Record set:
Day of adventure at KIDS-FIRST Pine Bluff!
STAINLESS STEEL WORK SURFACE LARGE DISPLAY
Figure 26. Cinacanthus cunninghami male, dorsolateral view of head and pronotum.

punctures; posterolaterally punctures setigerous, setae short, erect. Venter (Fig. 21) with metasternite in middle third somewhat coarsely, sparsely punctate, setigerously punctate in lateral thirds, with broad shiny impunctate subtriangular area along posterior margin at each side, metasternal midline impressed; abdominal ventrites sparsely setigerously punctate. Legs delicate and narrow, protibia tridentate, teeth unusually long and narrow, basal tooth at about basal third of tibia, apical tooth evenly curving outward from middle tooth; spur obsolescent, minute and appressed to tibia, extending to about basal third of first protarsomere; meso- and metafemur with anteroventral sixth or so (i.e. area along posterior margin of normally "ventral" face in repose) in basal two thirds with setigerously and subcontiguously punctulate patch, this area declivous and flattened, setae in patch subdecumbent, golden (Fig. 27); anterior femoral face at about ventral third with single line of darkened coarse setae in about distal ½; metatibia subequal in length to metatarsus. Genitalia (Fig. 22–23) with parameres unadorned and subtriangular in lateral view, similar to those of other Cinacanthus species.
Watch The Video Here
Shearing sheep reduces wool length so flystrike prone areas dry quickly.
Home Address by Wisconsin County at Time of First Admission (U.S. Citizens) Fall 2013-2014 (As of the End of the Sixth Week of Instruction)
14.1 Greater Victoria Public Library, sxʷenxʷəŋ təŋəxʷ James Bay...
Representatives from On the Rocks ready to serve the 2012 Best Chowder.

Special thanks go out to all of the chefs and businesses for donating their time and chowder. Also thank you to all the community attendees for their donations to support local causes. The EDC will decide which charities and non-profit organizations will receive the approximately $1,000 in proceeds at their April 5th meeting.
* * *
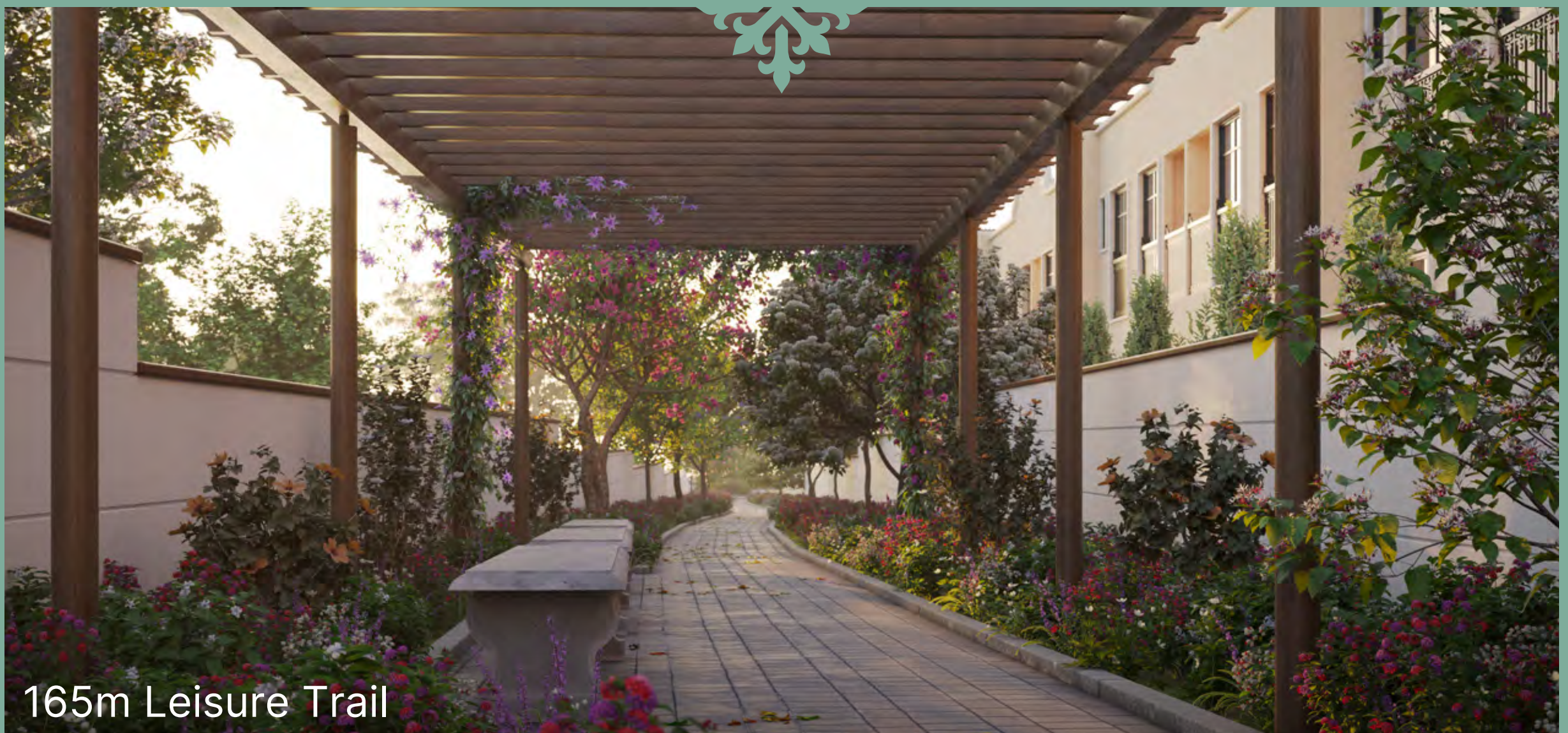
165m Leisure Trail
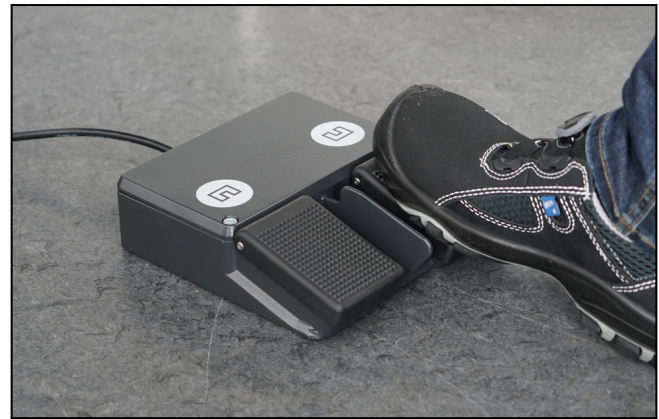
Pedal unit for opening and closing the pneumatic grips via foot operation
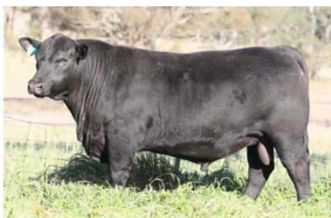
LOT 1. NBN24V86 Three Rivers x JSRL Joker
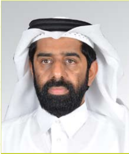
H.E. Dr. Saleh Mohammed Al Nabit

Task:
A clean copy is needed of the lines above from the one with "165m Leisure Trail" up to and including the one with "H.E. Dr. Saleh Mohammed Al Nabit". Please set it down exactly, with no pictures.

Output for this exercise:
165m Leisure Trail
Pedal unit for opening and closing the pneumatic grips via foot operation
LOT 1. NBN24V86 Three Rivers x JSRL Joker
H.E. Dr. Saleh Mohammed Al Nabit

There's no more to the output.